By Alexander J. Poulos and Brian Nelson, CFA
Established companies in the pharmaceuticals industry (XLV) generally offer an appealing blend of high profit margins, a relatively recession-resistant nature of commercialized products, and a flourishing drug pipeline. In many ways, companies in the industry can be viewed as largely defensive, with a resilient revenue profile and profit stream helping to power a steadily-growing dividend, which remains highly prized in the current income-starved environment.

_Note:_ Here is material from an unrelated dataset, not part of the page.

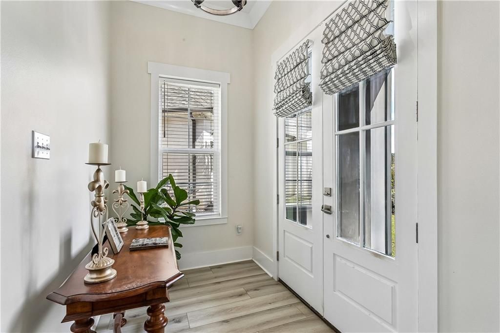 This custom-built 4-bedroom, 3-bath home is located in the highly desirable Bedico Creek subdivision in Madisonville, LA. It boasts a 3 way split floorplan, 10?11 foot ceilings throughout, custom crown molding, and luxurious vinyl wood plank flooring (no carpet!), creating a modern and inviting open floor plan. The home is equipped with smart Wi-Fi features, including an HVAC thermostat and garage door opener, for added convenience. The gourmet kitchen is a chef's dream, featuring large quartz countertops, a spacious center island, ample cabinetry for storage, and high-end stainless-steel appliances, including a 5-burner gas range, double convection ovens, and an under-counter built-in microwave. A custom vented hood adds a modern touch. The custom-built pantry provides plenty of storage space. All bedrooms feature custom closet systems with drawers for optimal organization, providing ample storage and a tidy living space. An interior stairway leads to a ready-to-be-built-out area of approximately 420 sq ft, offering additional living space with plumbing available for an extra full bath - for a home office, media room, or guest suite. Step outside to enjoy the expansive covered patio?for entertaining or relaxing. The over-sized fenced yard provides ample space for outdoor activities, with serene walking areas nearby, for enjoying nature and tranquility. The community amenities include 2 sparkling pools and peaceful walking trails, offering a resort-style lifestyle within a friendly neighborhood. Don't miss out on this exceptional home in a fantastic location?combining modern elegance with outdoor leisure and community conveniences!

In addition to a focus on balance sheet health and the timing of future free cash flow generation, when it comes to pharmaceutical entities, we also analyze the length and validity of drug patent lives to gain a full view of the opportunity offered by each company. We think this makes sense as cash cows won’t last forever and must be replaced by the next up-and-coming breakthrough. Not only are there risks to the duration of the patent exclusivity period, but some pharma giants are also heavily exposed to just a handful of key blockbusters, sometimes just one.
The Patent Cliff
At Valuentum, we’re always looking for valuation outliers, or those stocks that fall outside our fair value estimate range. The pharma group is an industry that we watch very closely because we very much like the fundamental backdrop across the space. There are subtle nuances that we pay very close attention to in pharma, however.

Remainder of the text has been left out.